» Your assignment
Keep the pictures out. Copy every line of the listing exactly.

» Data below
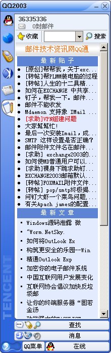 为了更好地方便大家讨论和了解最新的邮件技术资讯网的内容,我们充分利用新版QQ(2003IIIbeta4简体测试版以上版本)推出QQ第六面板——自定义面板。利用自定义面板的网址收藏功能,QQ用户可以在这个面板里实时登录浏览本站的最新文章。
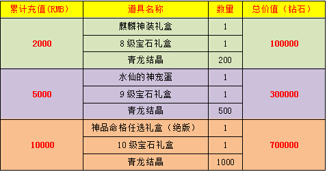 3、玩家活动期间累计充值在10000元以上(包括10000元),可领取全部档次奖励!
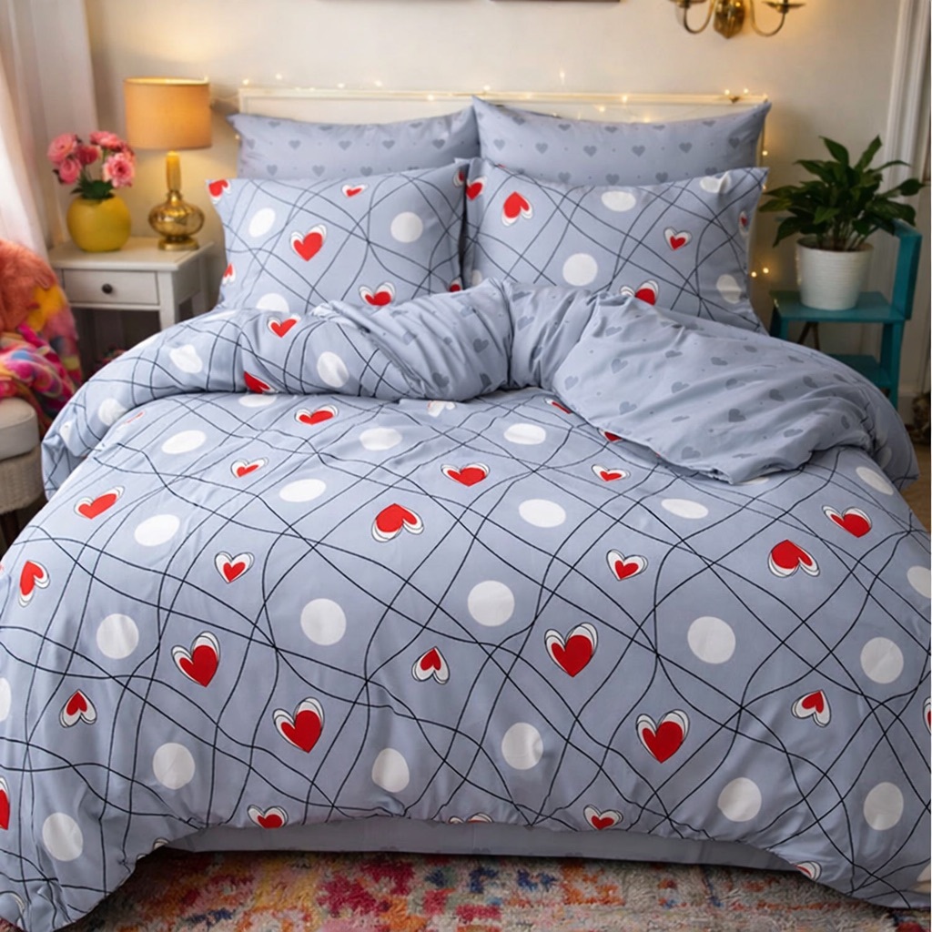 Lenjerie pat dublu, Finet, 6 piese, Gri, inimioare, buline

» Output
 为了更好地方便大家讨论和了解最新的邮件技术资讯网的内容,我们充分利用新版QQ(2003IIIbeta4简体测试版以上版本)推出QQ第六面板——自定义面板。利用自定义面板的网址收藏功能,QQ用户可以在这个面板里实时登录浏览本站的最新文章。
 3、玩家活动期间累计充值在10000元以上(包括10000元),可领取全部档次奖励!
 Lenjerie pat dublu, Finet, 6 piese, Gri, inimioare, buline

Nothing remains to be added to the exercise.